Twickster, a question on a closed thread

Here’s what you don’t seem to get. You don’t get to decide this. The only criteria is whether people actually have some interest and post or if the thread falls off the front page quickly.

You have no idea what people might find interesting and discussion worthy. I happened to be interested in the girls with tattoos thread but since you apparently know better than me what I find interesting, there is no opportunity to do so.

Uh huh. Right. :rolleyes:

All of us who post here are subject to the whims of the moderators and admins. Some of them are awesome, some well, less awesome. :eek:

I still disagree with the decision to close that thread. Quite frankly, I have no idea who astro is and what his or her past posting history has been. But that particular OP was no more pointless than dozens of others in the same forum. There was no reason to assume it couldn’t have been an inspiration for others to comment on. And if nobody felt like commenting on it, it would have died on its accord.

So in your opinion, what should mods do?

Well, except that I reopened the thread a day and a half ago. If you had any actual interest, you could go post in it.

Well, first off, in the perfect world I was describing, we wouldn’t need them. We’d have a couple administrators to do things with the software (that ordinary Jo won’t know how to do without messing up), but that’s it.

In the real world, I would just prefer a more democratic process. Have the rules agreed upon by everyone. Have the mods only enforce those rules. I would prefer that locking a thread be saved for the most egregious cases. While we are always told that we can start a new thread, it never seems to happen.
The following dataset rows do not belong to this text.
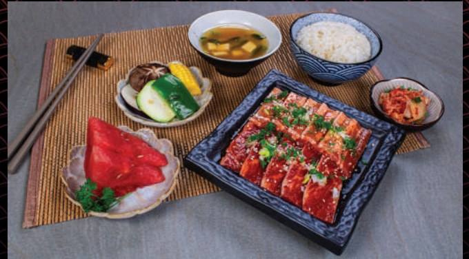
Kimchi Negi Shio Set $22.90 US Kurobuta Belly (60gm) Australia Wagyu Short Plate (60gm)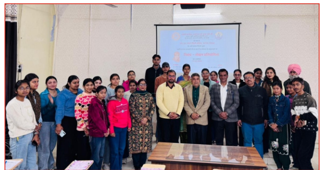
स्वामी दयानन्द सरस्वती जी की जयंती पर "निबन्ध लेखन प्रतियोगिता" का आयोजन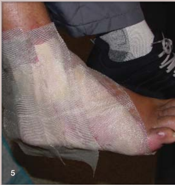
5 Covering GammaGraft ® with non-adherent dressing.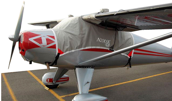
Luscomb Over-Top Canopy Cover

This cover type is made from Silver Acrylic Sunbrella canvas and is 100% lined with a soft and smooth microfiber. Bruce's Custom Covers developed this material combination especially for aircraft protection. The outer material is medium weight and treated for water resistance, UV resistance and anti-static buildup. The inner lining is a very soft and smooth microfiber to prevent scratching. The material is very reflective, and tests show that the cabin interior temperature can be reduced to near-ambient temperature on the hottest of days. It is water, ice and snow repellent, yet breathable to allow moisture to escape from between the cover and the aircraft surface.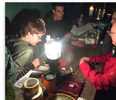
Games and stories, and even some fly tying, after a fun day at Camp Massawepie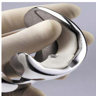
Example of applying cement onto the back of the femoral implant

A thick bed of cement may be placed onto the back of the implant or directly onto the exposed bone surface. An impactor is used to pressurize the cement. Good levels of penetration can be achieved by applying cement to the anterior and distal bone surfaces, and to the posterior flanges of the prosthesis prior to implantation. 21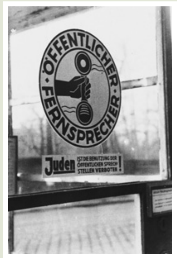
This sign, which reads “Jews are forbidden to use public phone booths,” was posted on a public telephone booth. Munich, Germany, 1942.

The President of the German Lottery forbids the sale of lottery tickets to Jews.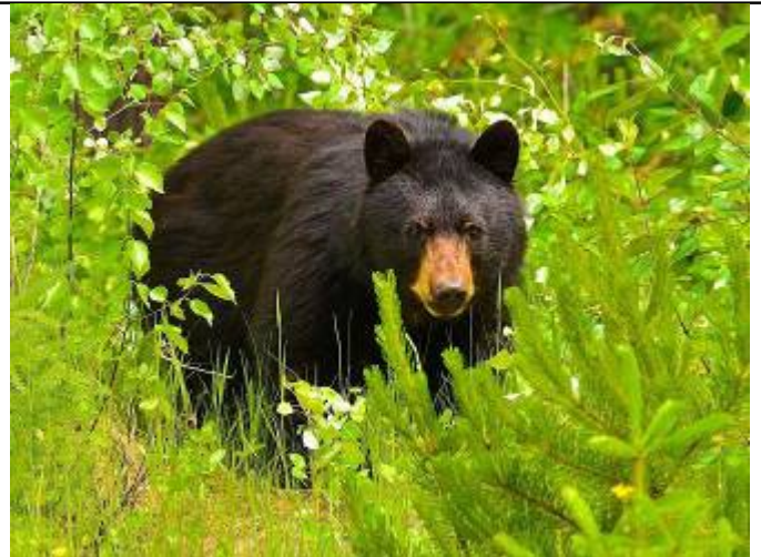
last BC Bear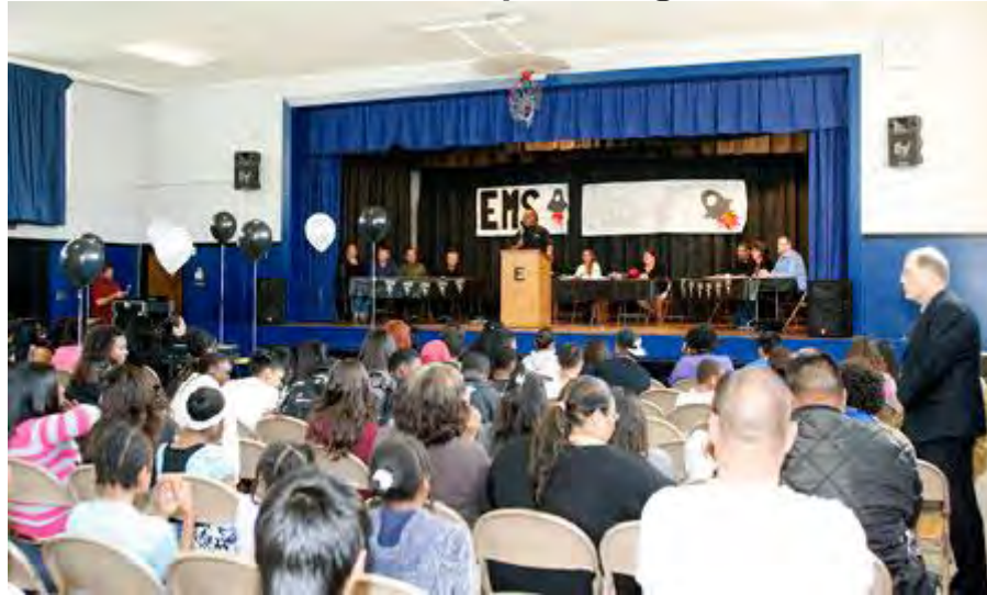
Students, parents, and teachers listen intently to Raiders Head Coach Hue Jackson at Edendale Middle School.

Head Coach Hue Jackson spoke to student athletes at Edendale Middle School about the importance of education and pursuing dreams.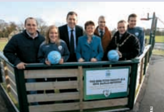
Technical director of the FAI, Packie Bonner, with members of Sligo Borough Council at the inauguration of a mini-pitch.

The Football Association of Ireland, in conjunction with local government authorities and the Department of Arts, Sport and Tourism, has launched over 30 mini-pitches throughout Ireland.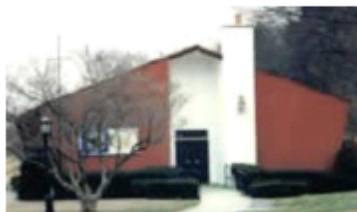
St. Francis Xavier Church 808 Main Street, Bolton, MA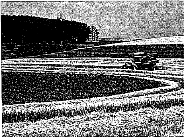
Figure 3.1. Strip crop wheat harvesting.

reported that guaranteed returns and high prices offered by CRP rentals played a major role in stabilizing and strengthening land values for landowners in the late 1980s. Shoemaker (1989) found land value increases of $62 to $132/a. in areas of high CRP enrollment.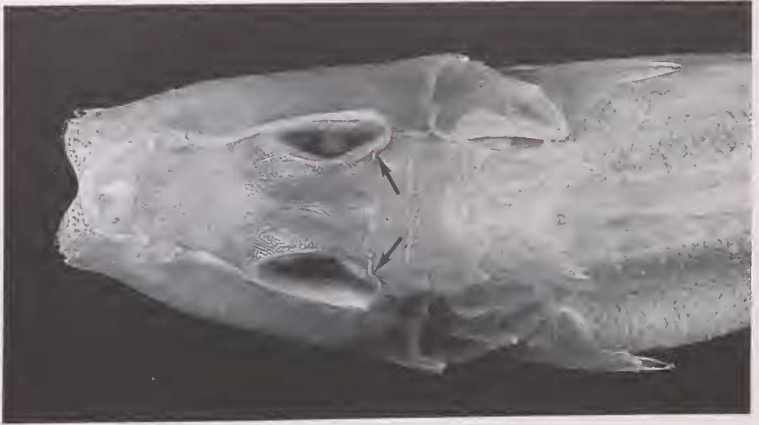
Fig. 3. Dorsal view of the head of the holotype NTM-S-11953-003 of Lepidotrigla russelli sp. nov. Arrow marks the incomplete post-orbital groove.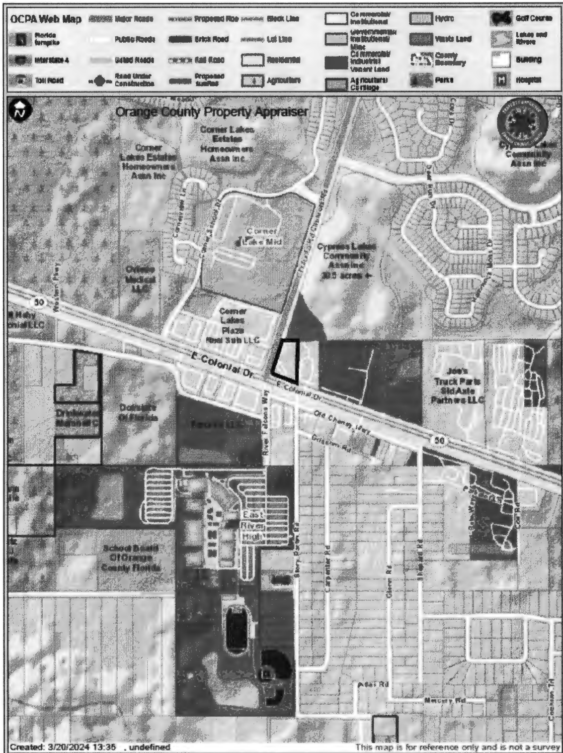
Exhibit "A" "WAWA - SR 50 & CHULUOTA" Project Location Map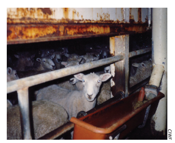
Australia ships millions of sheep each year. Subject to extreme temperatures with limited food and water, all suffer and thousands die during transport (see story, page 7).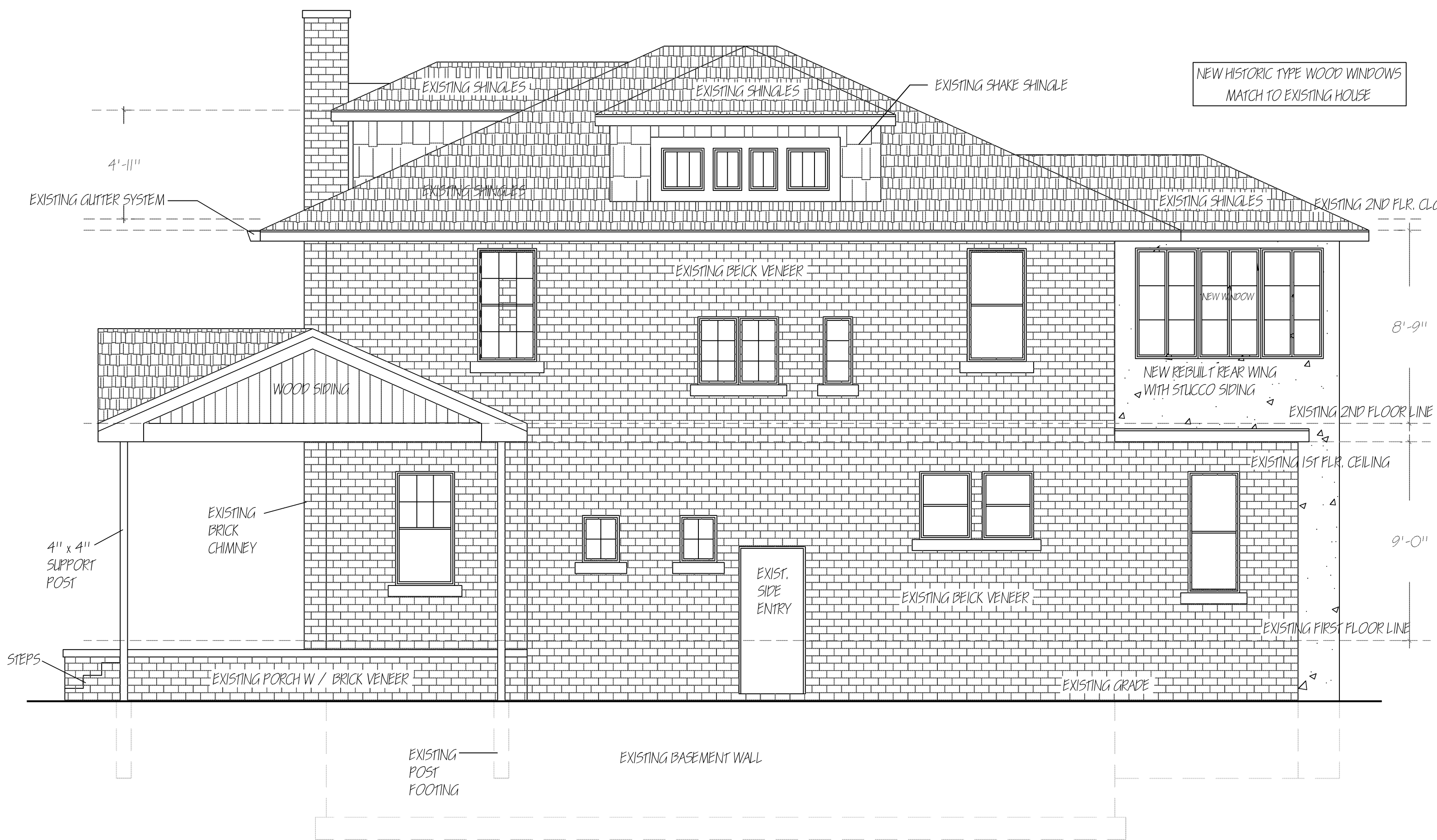
EXISTING RIGHT SIDE ELEVATION SCALE 1/4" = 1'-0"

ALL EXISTING WINDOWS ARE SHOWN WITH EXACT DETAIL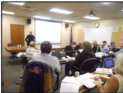
VITA volunteer Training 2011

Five County Community Action Partnership (CAP) sponsors Volunteer Income Tax Assistance (VITA) Programs in all five counties. This is the sixth year for VITA sites to offer free income tax preparation to low-income individuals.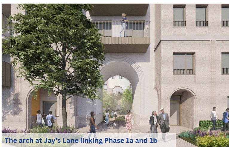
The arch at Jay's Lane linking Phase 1a and 1b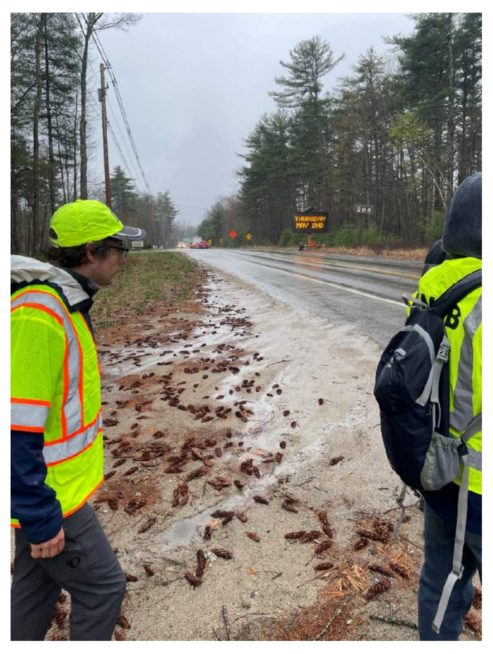
#14: Mountain Division Trail at Rte. 35 in Standish looking south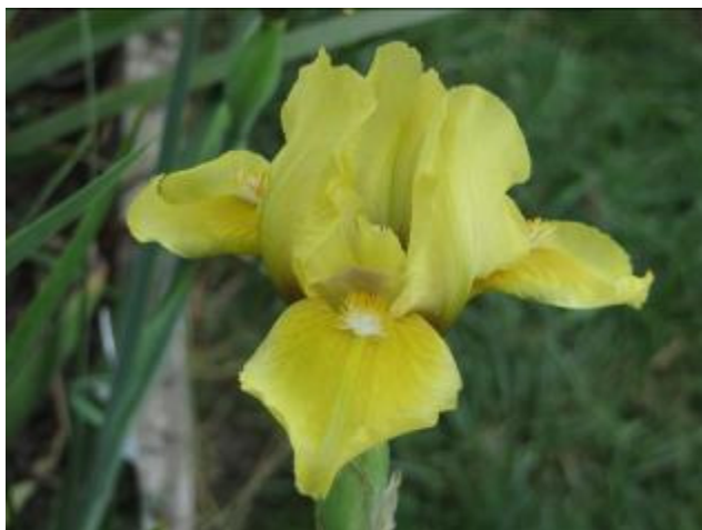
Campbell Seedling 'Sunbeams Forever'

The mods’ action puts a damper on the thread.*

It seems that closing a thread is punishing the innocent with the guilty. At the same time, it’s still just a slap on the wrist unless there’s an opportunity that getting multiple threads killed will lead to escalation**. So the good people feel sad that their thread died, and the bad people don’t care, since they aren’t personally going to be punished.

*Particularly for people like me who are avid thread readers, and not posters. So, even though I want the thread to continue, I don’t have anything in particular to say about it (or nothing substantial) so I can’t justify starting a new thread. I figure this is why threads often don’t get restarted.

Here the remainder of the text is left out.